Abbreviations: P/R, preservation/reperfusion; VOI, venous outflow impairment.

Viral hepatitides can be associated with all the patterns of necrosis described earlier, with mild cases showing apoptosis, spotty necrosis, and mild piecemeal necrosis, and more severe cases showing centrilobular, bridging, and confluent necrosis. Features unique to the cause may be present, such as ground‐glass cytoplasmic change with hepatitis B and viral cytopathic changes with herpes simplex virus, cytomegalovirus, and adenovirus. The type and extent of necrosis is also variable in autoimmune hepatitis; in typical untreated chronic autoimmune hepatitis there is prominent IH with many plasma cells.4

Ischemic liver injury causes centrilobular necrosis (CLN; often called “centrilobular dropout”) in mild or early cases, and confluent necrosis in more severe cases. CLN can also be seen with severe venous outflow impairment, resulting from stasis and ischemic injury; in these cases, other findings of venous outflow impairment are present, such as sinusoidal dilatation, congestion, and hemorrhage.

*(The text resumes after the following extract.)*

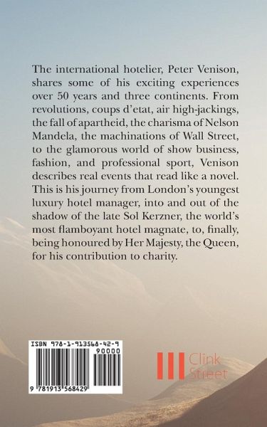The international hotelier, Peter Venison, shares some of his exciting experiences over fifty years and three continents. From revolutions, coups d'etat, air high-jackings, the fall of apartheid, the charisma of Nelson Mandela, the machinations of Wall Street, to the glamorous world of show business, fashion, and professional sport. Venison describes real events that read like a novel. This is his journey from London's youngest luxury hotel manager, into and out of the shadow of the late Sol Kerzner, the world's most flamboyant hotel magnate, to finally being honoured by Her Majesty, the Queen, for his contribution to charity.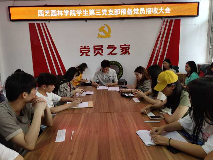 5月31日,园艺园林学院分别在实验楼B106、B316会议室召开了园艺园林学院学生第一、二、三党支部预备党员接收大会。学院辅导员、学生党支部书记以及支部全体学生党员参加了会议。会议由各学生党支部书记主持。

Drug‐induced liver injury may vary morphologically, depending on the inciting drug, with patterns of injury including bland cholestasis, cholestatic hepatitis, inflammatory hepatitis, granulomatous hepatitis, steatosis/steatohepatitis, and zonal or confluent necrosis.5 Acetaminophen is a drug well‐known for necrosis in the liver, with the extent of necrosis ranging from centrilobular to massive necrosis, the latter requiring liver transplantation. Other common drugs associated with necrosis include isoniazid, ketoconazole, nitrofurantoin, methyldopa, and fluoroquinolones.

After transplantation, necrosis in the allograft may result from preservation/reperfusion injury, acute nonfunction, rejection, ischemia, and hepatitis, with the extent and pattern of necrosis depending on the severity of the underlying cause.

In summary, necrosis in a liver specimen is an indicator of acute or ongoing injury. The pattern and extent of necrosis is often helpful toward determining or confirming the underlying cause and severity of liver injury.

Potential conflict of interest: Nothing to report.